* **DIRECTIONS FOR THIS TASK**:
Keep every word of the listing and drop the images when you write it out.

* **RECORDED INFORMATION**:
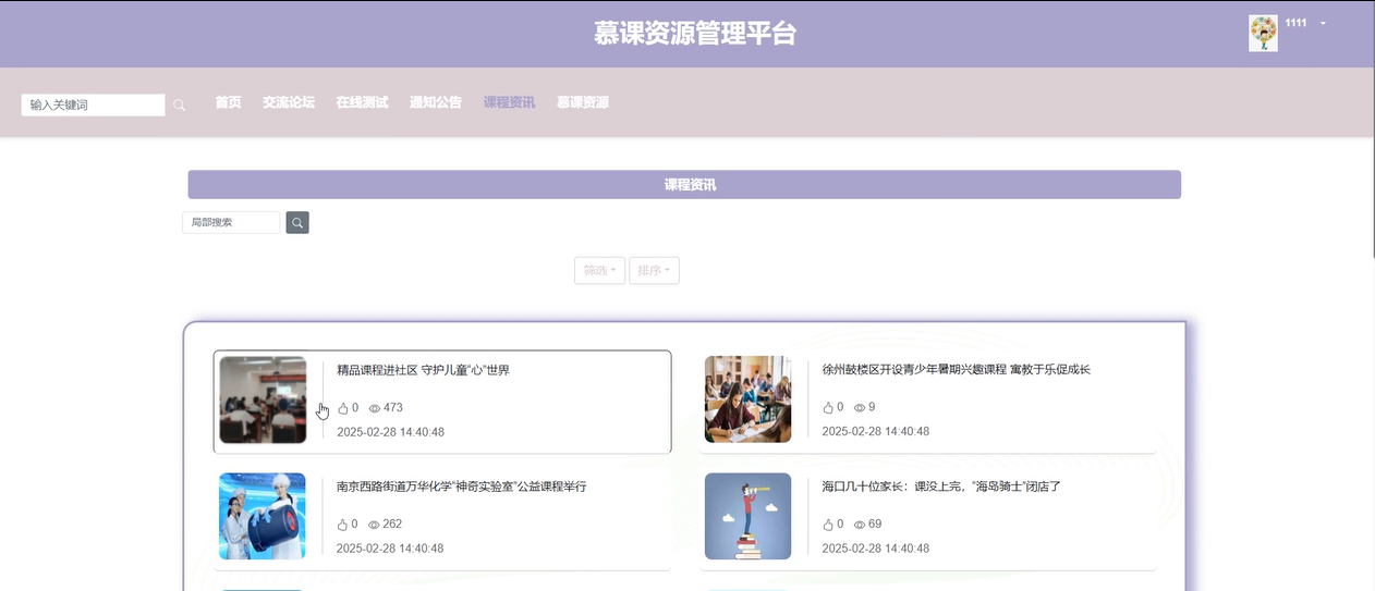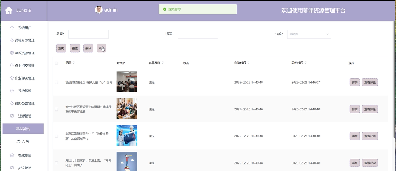 资源管理:管理员可以管理平台上的各种资源,如课程资讯、新闻分类等,确保平台上的内容准确、及时且有序。
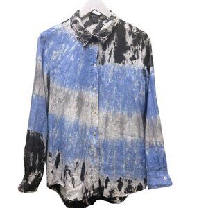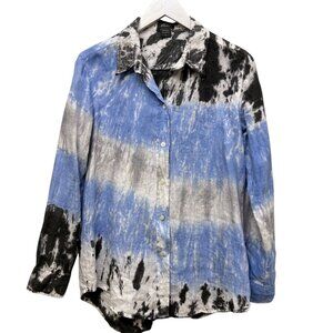 Pure Amici Linen Shirt Size Small Blue Gray Tie Dye Womens Button Up Top
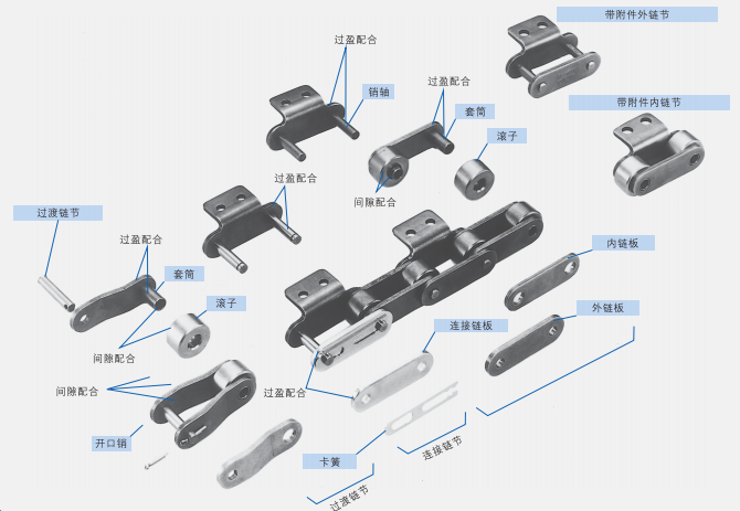 帶卡簧的連接鏈節(jié)通常用于小滾子鏈(節(jié)距最大25.40mm)。帶開口銷或定位銷的連接鏈節(jié)多用于較大的滾子鏈。
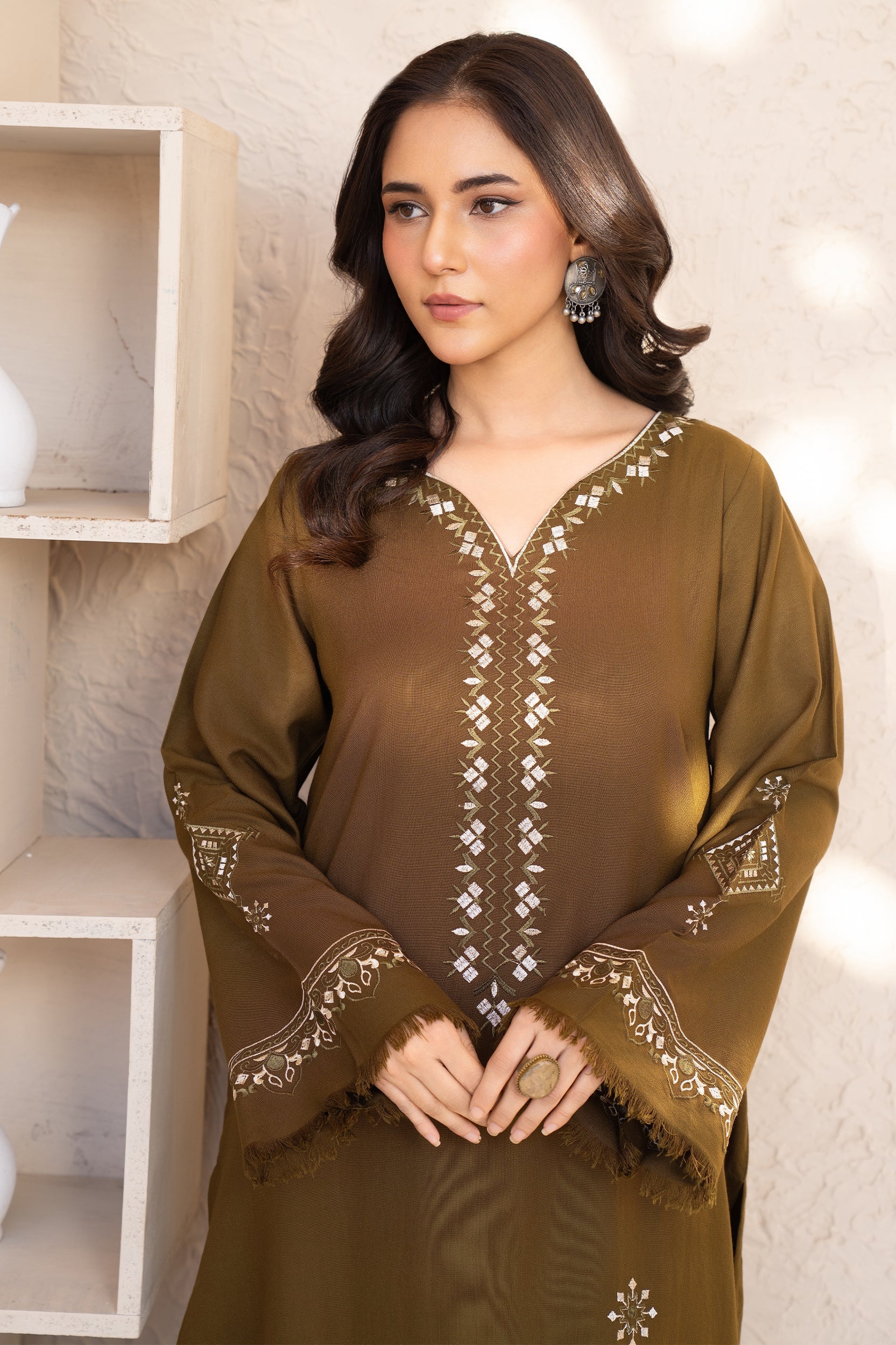 Step into effortless elegance with this beautifully crafted Marina outfit, designed for women who love minimal yet graceful details. The soft earthy tone is enhanced with delicate embroidery on the neckline, sleeves, and hem, creating a refined and timeless look. Its relaxed silhouette ensures all-day comfort, making it perfect for everyday wear, gatherings, and semi-formal occasions.

* **SOLUTION FOR THIS PROBLEM**:
 资源管理:管理员可以管理平台上的各种资源,如课程资讯、新闻分类等,确保平台上的内容准确、及时且有序。
 Pure Amici Linen Shirt Size Small Blue Gray Tie Dye Womens Button Up Top
 帶卡簧的連接鏈節(jié)通常用于小滾子鏈(節(jié)距最大25.40mm)。帶開口銷或定位銷的連接鏈節(jié)多用于較大的滾子鏈。
 Step into effortless elegance with this beautifully crafted Marina outfit, designed for women who love minimal yet graceful details. The soft earthy tone is enhanced with delicate embroidery on the neckline, sleeves, and hem, creating a refined and timeless look. Its relaxed silhouette ensures all-day comfort, making it perfect for everyday wear, gatherings, and semi-formal occasions.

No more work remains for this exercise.